═══ Source material ═══

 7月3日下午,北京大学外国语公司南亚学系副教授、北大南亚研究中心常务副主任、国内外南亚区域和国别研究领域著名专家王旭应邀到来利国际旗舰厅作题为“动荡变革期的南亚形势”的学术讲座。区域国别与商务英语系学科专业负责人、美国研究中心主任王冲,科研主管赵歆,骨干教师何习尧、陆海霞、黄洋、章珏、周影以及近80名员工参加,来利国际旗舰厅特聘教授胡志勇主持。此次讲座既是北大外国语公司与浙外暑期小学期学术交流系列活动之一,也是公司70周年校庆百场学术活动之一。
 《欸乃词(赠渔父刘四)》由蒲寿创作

═══
═══ Source material ═══

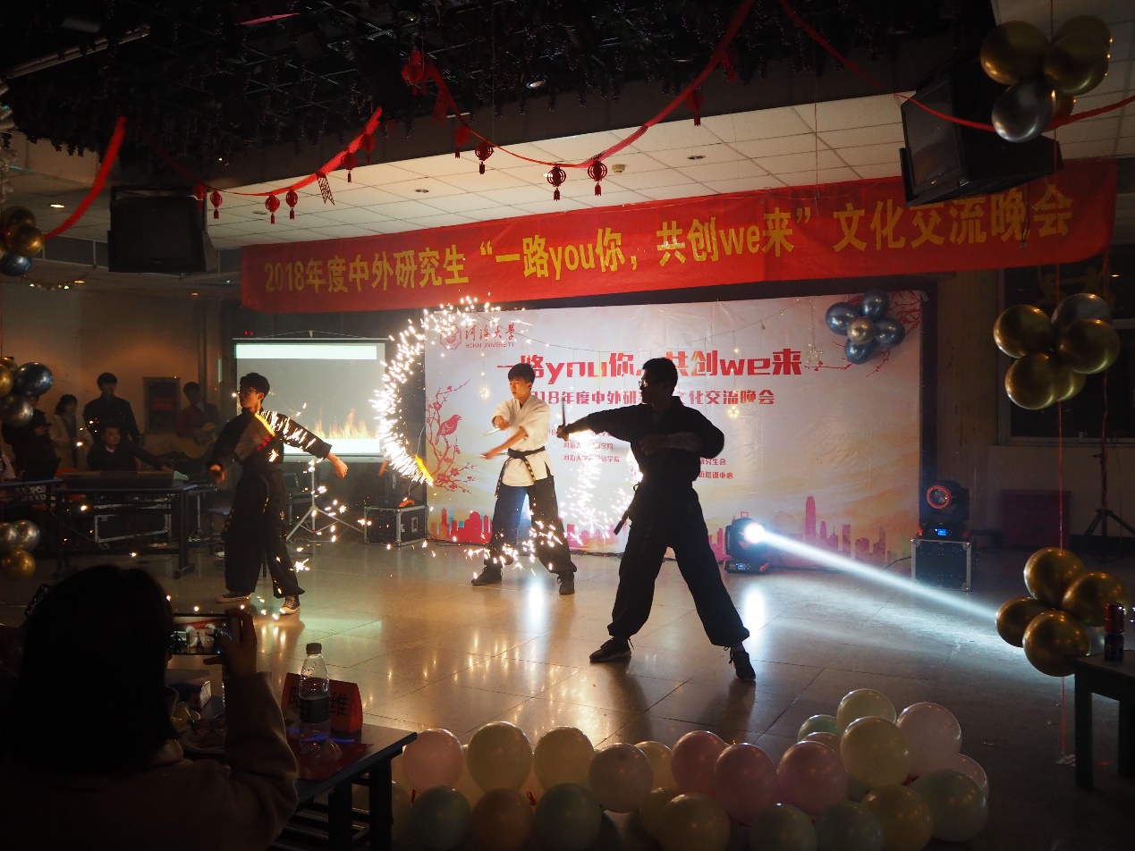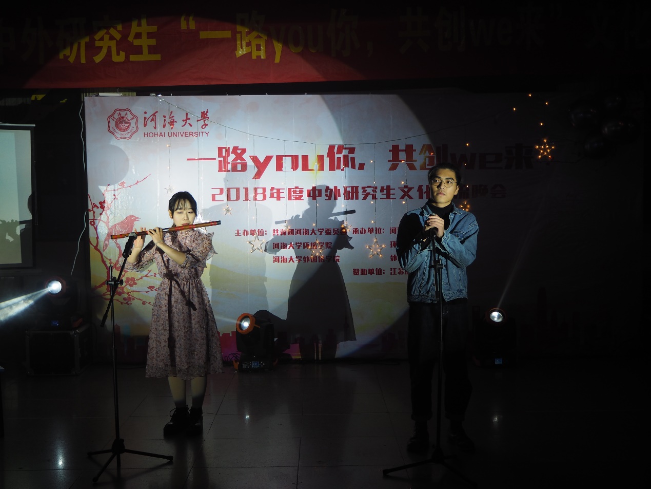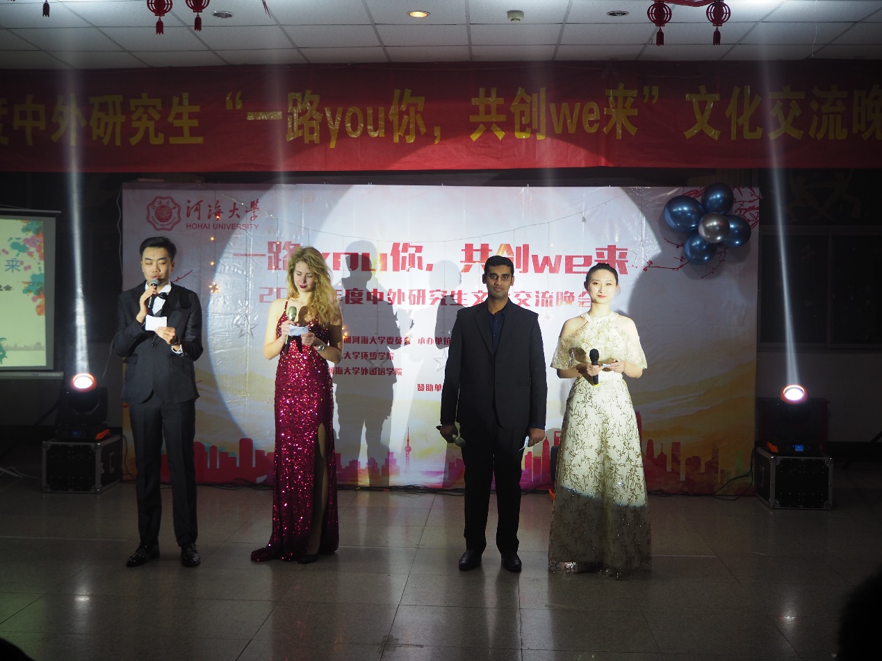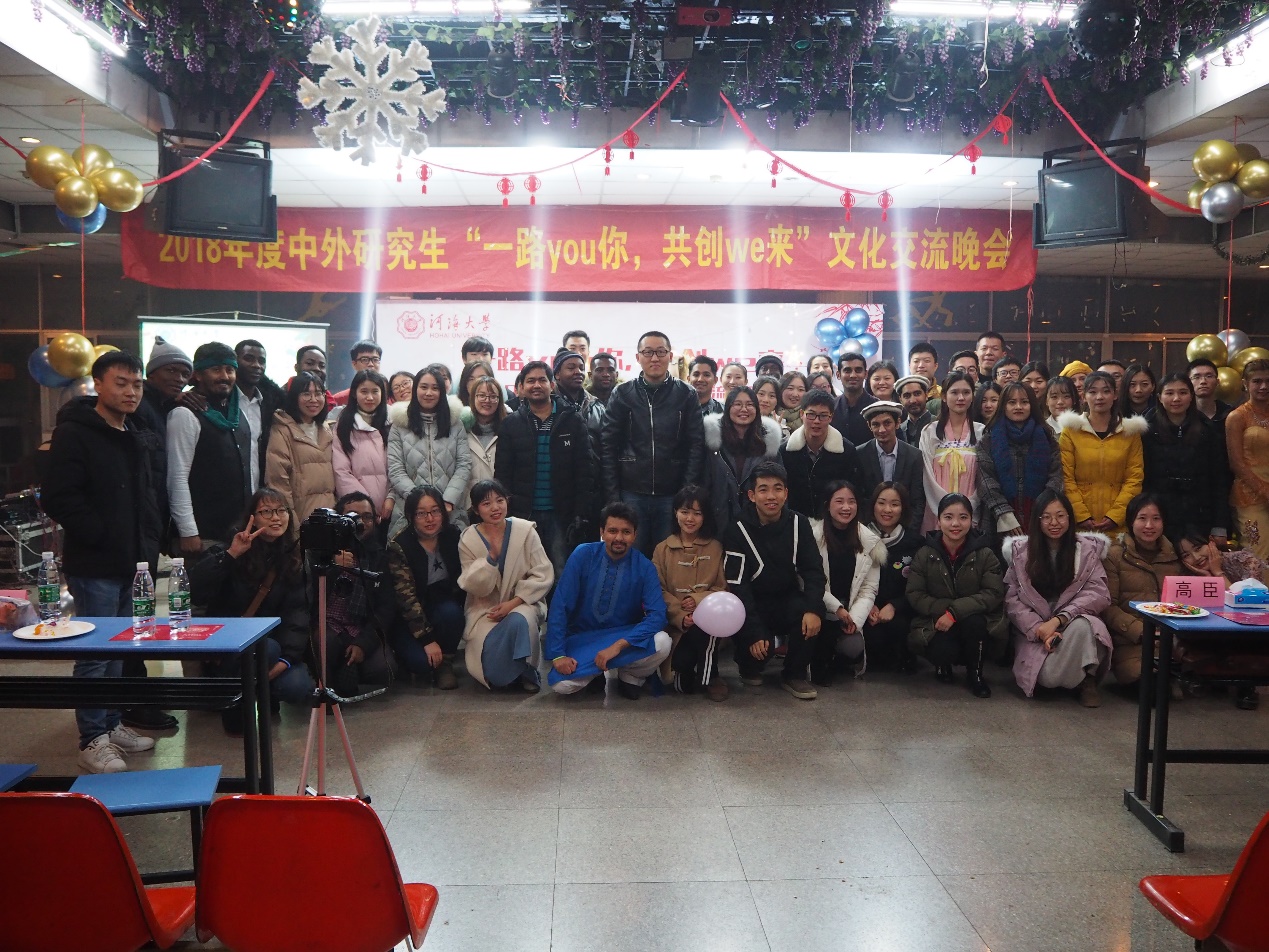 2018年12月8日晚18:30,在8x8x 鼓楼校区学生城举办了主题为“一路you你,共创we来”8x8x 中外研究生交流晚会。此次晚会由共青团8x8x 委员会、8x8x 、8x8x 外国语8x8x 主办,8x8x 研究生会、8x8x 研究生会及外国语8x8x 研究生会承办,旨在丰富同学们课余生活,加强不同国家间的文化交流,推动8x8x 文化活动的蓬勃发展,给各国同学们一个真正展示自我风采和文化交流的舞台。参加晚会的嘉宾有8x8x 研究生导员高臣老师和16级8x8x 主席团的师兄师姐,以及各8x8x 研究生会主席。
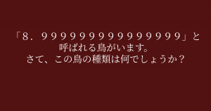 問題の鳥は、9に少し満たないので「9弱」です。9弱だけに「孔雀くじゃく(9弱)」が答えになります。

═══

#### Your objective:
Transcribe only the lines above that start at the line containing "研究生导员高臣老师和16级8x8x 主席团的师兄师姐,以及各8x8x 研究生会主席。" and end at the line containing "問題の鳥は、9に少し満たない". Omit pictures.

#### Result of the exercise:
 2018年12月8日晚18:30,在8x8x 鼓楼校区学生城举办了主题为“一路you你,共创we来”8x8x 中外研究生交流晚会。此次晚会由共青团8x8x 委员会、8x8x 、8x8x 外国语8x8x 主办,8x8x 研究生会、8x8x 研究生会及外国语8x8x 研究生会承办,旨在丰富同学们课余生活,加强不同国家间的文化交流,推动8x8x 文化活动的蓬勃发展,给各国同学们一个真正展示自我风采和文化交流的舞台。参加晚会的嘉宾有8x8x 研究生导员高臣老师和16级8x8x 主席团的师兄师姐,以及各8x8x 研究生会主席。
 問題の鳥は、9に少し満たないので「9弱」です。9弱だけに「孔雀くじゃく(9弱)」が答えになります。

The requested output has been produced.